There is a clear trajectory towards the higher penalties being sought by the ACCC and the increasing willingness of the Courts to impose such penalties for contravenctions of the CCA including for cartel conduct. Reforms in late 2022 to increase the maximum civil penalties for anticompetitive conduct will assist in this regard, although the new maximums are more likely to have relevance for very large companies. In addition, the decision in Australian Building & Construction Commissioner v Pattinson [2002] HCA 13) may also drive this trend, as the High Court found that while a civil penalty must be no more than what might be reasonably necessary to deter further conduct, it need not be proportionate to the seriousness of the conduct, such that the maximum penalty does not need to be reserved for the most serious conduct.

26. What are the key expected developments over the next 12 months (e.g. imminent statutory changes, procedural changes, upcoming decisions, etc.)?

At the time of writing, there are no proposed reforms which will impact existing cartel laws in the next 12 months. However, the Federal Government is currently undertaking a review of Australia’s competition laws which, among other things, is examining the regulation of non-compete clauses in employment contracts (which currently sit outside the purview of the CCA). It is possible that there will reforms to the CCA to prohibit or restrict the use of non-compete clauses in employment contracts as a result of this review.

Civil cases

In addition to the appeals lodged by BlueScope and a former employee which expected to be heard later in 2024 (see Section 24), there are several other civil cartel cases currently before the Courts.
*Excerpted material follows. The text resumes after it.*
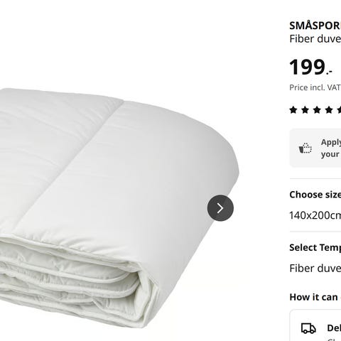 A barely-used duvet from Nordisk Fjern. Was purchased to accommodate guests, but now it's rarely used, so I decided to sell. No visible damage or stains.

In August 2023, the Federal Court found that Delta Building Automation Pty Ltd and its sole director attempted to rig a bid in connection with a tender conducted by the National Gallery of Australia in Canberra in late 2019. The tender related to the replacement and ongoing maintenance of a building management system at the gallery. The Federal Court found that the sole director, offered to pay a competitor in exchange for agreeing to rig the bid for the tender. Notably, the competitor rejected the approach, and the National Gallery did not suffer any loss as a result. A hearing to determine penalties and other orders has occurred and judgment is pending.   

In December 2022, the ACCC commenced proceedings against Qteq Pty Ltd, a mining equipment and technology services company and its executive Chairman, alleging seven instances where Qteq contacted competing businesses who supply services to the oil and gas industry and attempted to induce them to enter into cartel arrangements involving output restrictions, market sharing and rigging a tender. The hearing on liability occurred in March 2024 and judgment is pending.

Criminal prosecutions

The only remaining criminal cartel case currently s before the Federal Court is the appeal by Aussie Skips in respect of the A$3.5m fine imposed by the Federal Court in February 2024 for colluding to fix prices with its competitor, Bingo Industries. The appeal is in the early stages.